In fact, redis defines   "8 memory elimination strategies"   Used to handle the case that redis memory is full:

  • noeviction: directly returns an error without eliminating any existing redis keys
  • All keys lru: all keys are eliminated by lru algorithm
  • Volatile lru: those with expiration time shall be eliminated by lru algorithm
  • All keys random: randomly delete redis keys
  • Volatile random: randomly delete redis keys with expiration time
  • Volatile TTL: delete the redis key that is about to expire
  • Volatile lfu: delete keys with expiration time according to lfu algorithm
  • All keys lfu: delete all keys according to the lfu algorithm

These memory elimination strategies are well understood. Let's focus on how lru, lfu and ttl are implemented

lru best practices?

lru is the abbreviation of Least Recently Used   "Rarely used recently"  , It can also be understood that it has not been used for the longest time. The more recently used, the more likely it will be used later. Because memory is very expensive, the data we can store in the cache is limited. For example, we can only store 1w pieces of fixed memory.

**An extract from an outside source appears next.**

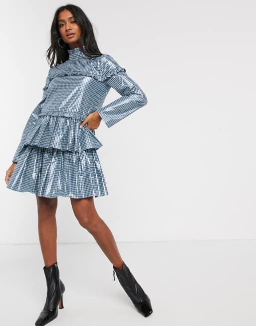 Lost Ink — Minikjole med flæser i metalfarvet ginghamstof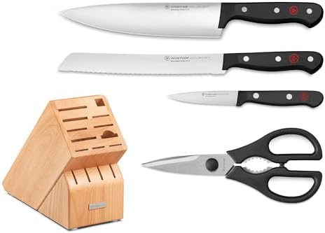 WÜSTHOF GOURMET SERIES: 5 Piece Knife set with triple riveted synthetic polypropylene handles that resist fadind, discoloration, heat and impact...

When the memory is full, every time a new piece of data is inserted into the cache, we have to discard the longest unused old data. After sorting out the above contents, we can get several requirements:

  • "1. Ensure its reading and writing efficiency. For example, the complexity of reading and writing is O(1)"
  • "2. When a piece of data is read, update its most recently used time"
  • "3. When inserting a new piece of data, delete the longest unused data"

Therefore, we should try our best to ensure high query efficiency and high insertion efficiency. We know that if we only consider query efficiency, the hash table may be the best choice. If we only consider insertion efficiency, the linked list must have its place.

However, these two data structures have their disadvantages when used alone. So, is there a data structure that can ensure both query efficiency and insertion efficiency? So the hash + linked list structure appeared

hash table is used to query the data position in the linked list. The linked list is responsible for data insertion. There are two situations when new data is inserted into the head of the linked list;

  • 1. When the linked list is full, discard the data at the end of the linked list. This is relatively simple. Just erase the pointer at the end of the linked list and clear the information in the corresponding hash
  • 2. Whenever the cache hits (i.e. the cache data is accessed), move the data to the head of the linked list; In this case, we find that if we hit the middle node of the linked list, what we need to do is 1). Move the node to the head node 2). Set the next node of the previous node of the node as the next node of the node. There will be a problem. We can't find the previous node of the node because it is a one-way linked list, A new model was created.

At this time, the function of two-way linked list is also reflected. You can navigate directly to the parent node. This is very efficient. And because the two-way linked list has tail pointers, it is also very convenient and fast to remove the last tail node

So the final solution is to use   "Hash table + bidirectional linked list"   Structure of

Best practices for lfu?

LFU:Least Frequently Used. In a period of time, data is   "Least frequent use"   Yes, priority is given to elimination. Least use (LFU) is a caching algorithm used to manage computer memory. It mainly records and tracks the usage times of memory blocks. When the cache is full and more space is needed, the system will clear the memory with the lowest memory block usage frequency. The simplest way to adopt LFU algorithm is to allocate a counter for each block loaded into the cache. Each time the block is referenced, the counter is incremented by one. When the cache reaches its capacity and there is a new memory block waiting to be inserted, the system will search for the block with the lowest counter and delete it from the cache.

Here we propose an implementation scheme of LFU with O(1) time complexity, which supports operations including insert, access and delete

As shown in the figure:

It consists of two bidirectional linked lists + hash tables. The upper bidirectional linked list is used to count, and the lower bidirectional linked list is used to record the stored data. The head node of the linked list stores numbers, and the value object of the hash table records the data of the lower bidirectional linked list. Here, we follow the insertion process:

  • Insert the data to be stored into the
  • In the hash table   "Existence"  , Find the corresponding lower two-way linked list, connect the previous node of the node with the next node of the node (there may be only yourself, just remove it directly), and then judge whether the count of the upper two-way linked list is 1 "if yes" greater than the current count  , Move yourself to the top of the two-way linked list, and   Judge whether the two-way linked list contains elements. If not, delete the node. If not, or there is no next node in the two-way list above   Then add a new node and set the count to the current count + 1
  • In the hash table   "Does not exist"  , Store the data in the hash table and connect the data with the head node of the two-way linked list (the linked list may not be initialized here)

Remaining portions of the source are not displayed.